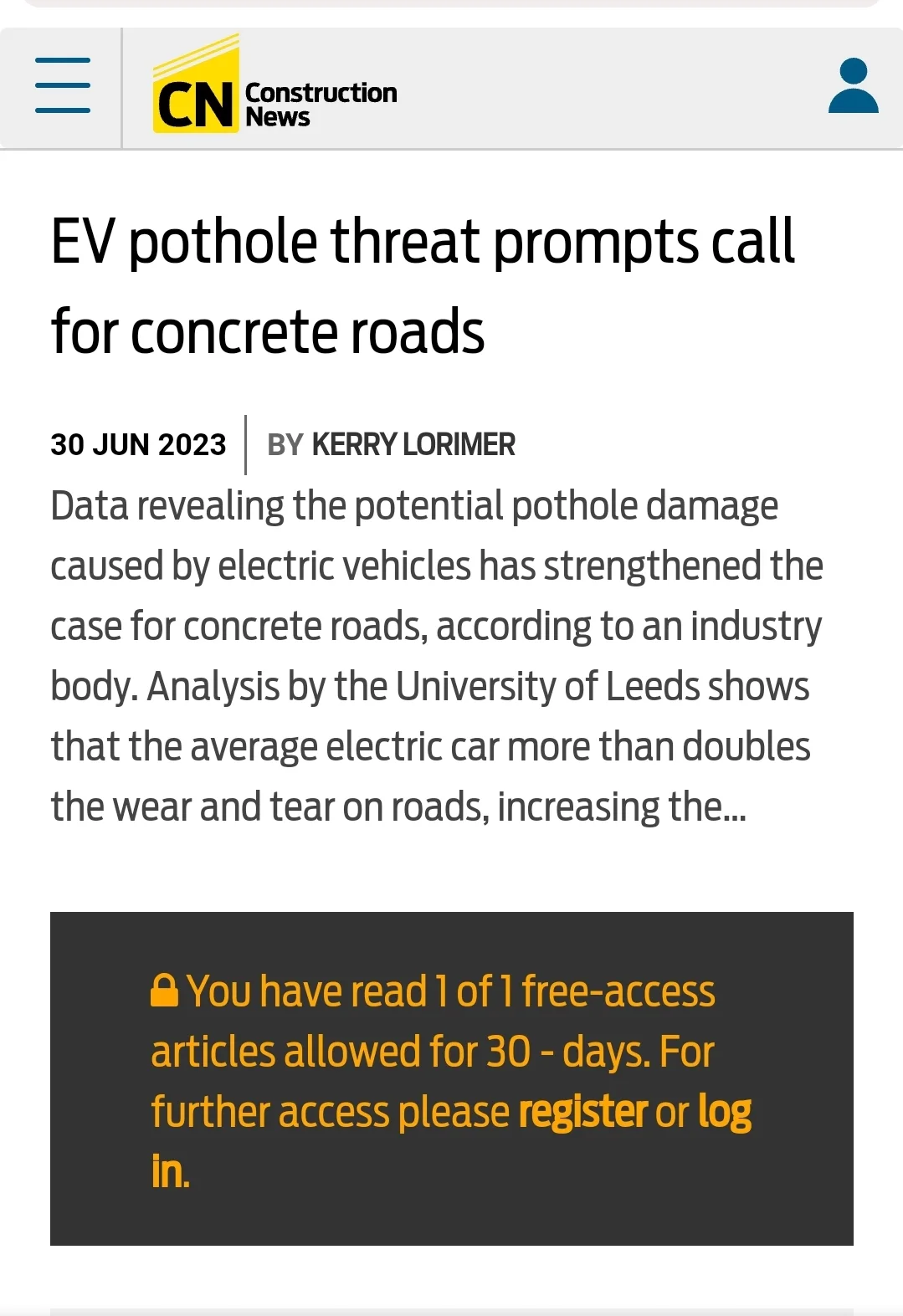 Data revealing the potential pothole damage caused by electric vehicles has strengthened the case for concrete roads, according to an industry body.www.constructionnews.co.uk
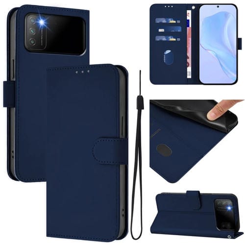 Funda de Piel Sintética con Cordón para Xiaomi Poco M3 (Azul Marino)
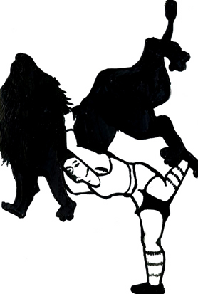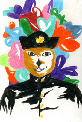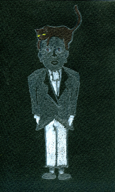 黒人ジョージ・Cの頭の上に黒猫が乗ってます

__________

• [What the task requires]
Produce the material above again in full, with identical lines and no pictures.

• [Response]
 Data revealing the potential pothole damage caused by electric vehicles has strengthened the case for concrete roads, according to an industry body.www.constructionnews.co.uk
 Funda de Piel Sintética con Cordón para Xiaomi Poco M3 (Azul Marino)
 黒人ジョージ・Cの頭の上に黒猫が乗ってます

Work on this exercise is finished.